Glucose Insensitivity and Amino-acid Hypersensitivity of Insulin Release in Rats with Non-insulin-dependent Diabetes: A Study with the Perfused Pancreas

Abstract
Non-insulin-dependent diabetes (NIDDM) was obtained in adult rats following a neonatal streptozotocin injection. Rats with NIDDM exhibited slightly lowered plasma insulin, slightly elevated basal plasma glucose values (<200 mg/dl), anancreatic insulin stores (50% of the controls). Insulin secretion was studied in this model using the isolated perfused pancreas technique. Insulin response to glucose stimulation over the range 5.5–22 mM was lacking, thus indicating complete loss of B-cell sensitivity to glucose. Even in presence of theophylline, the B-cells remained insensitive to glucose. In contrast, glyceraldehyde elicited an insulin release as important as that obtained in the control pancreata. This could possibly suggest that the Bcell dysfunction in rats with NIDDM involves a block in glucose metabolism in the early steps of glycolysis prior to the triose-phosphate. Mannose stimulated insulin secretion less in the diabetics than in the controls. The insulin secretion obtained in response to isoproterenol indicated that the ability of the adenylcyclase to generate cAMP in the B-cells of the diabetics was not decreased.

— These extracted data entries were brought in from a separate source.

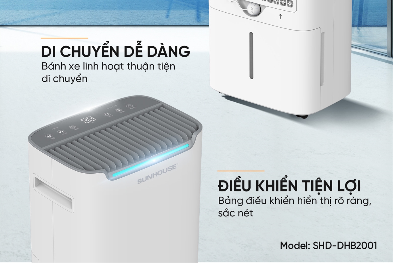 Máy hút ẩm SUNHOUSE SHD-DHB2001 có thiết kế nhỏ gọn, tối giản nhưng không kém phần sang trọng, phù hợp với nhiều không gian như phòng khách hoặc phòng ngủ. Bốn bánh xe di chuyển linh hoạt giúp bạn dễ dàng thay đổi vị trí sử dụng. Bảng điều khiển cảm ứng hiện đại cùng màn hình LED hiển thị rõ nét, giúp người dùng thao tác nhanh chóng và tiện lợi.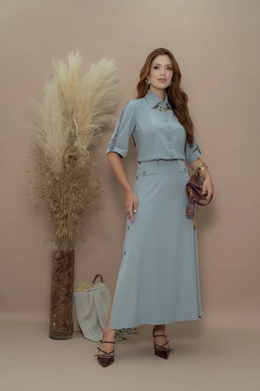 Com foco em vestidos, a marca oferece conforto, caimento impecável e estética adequada para o ambiente profissional e religioso.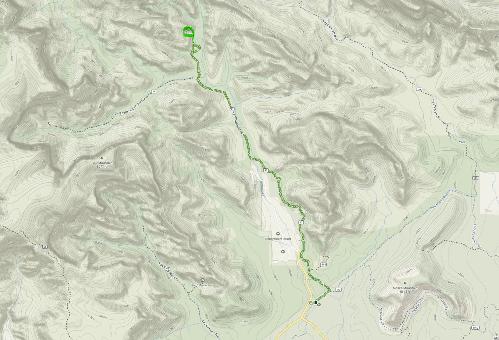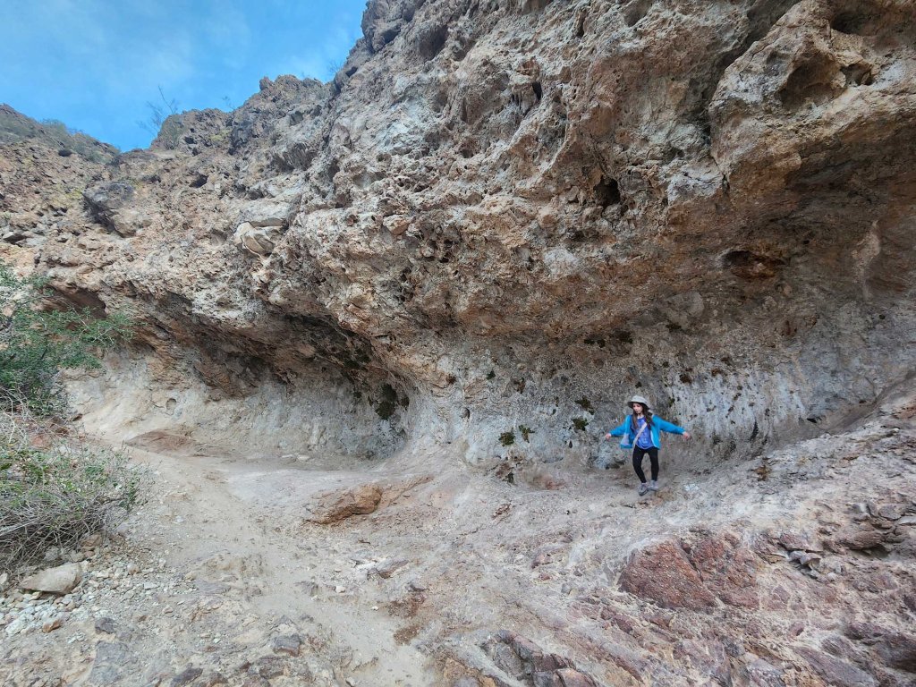 Długość szlaku do jaskini i z powrotem to 1,9 mili. Ja z Jankiem i Luką dodatkowo łączymy ten szlak z pętelką Mescal trail loop (długość 4,4 mile).

The insulinotropic actions of acetylcholine and tolbutamide were normal and increased, respectively, as compared with the controls. In the absence of glucose, the B-cells of the diabetics were unexpectedly hypersensitive to arginine and leucine. The α-ketoisocaproate effect in the diabetics was not significantly different from that obtained in the controls. The possibility that enhancement of insulin response to leucine in the diabetics might be related to a more active conversion of leucine to ketoisocaproate along the first steps of intraislet leucine metabolism is proposed.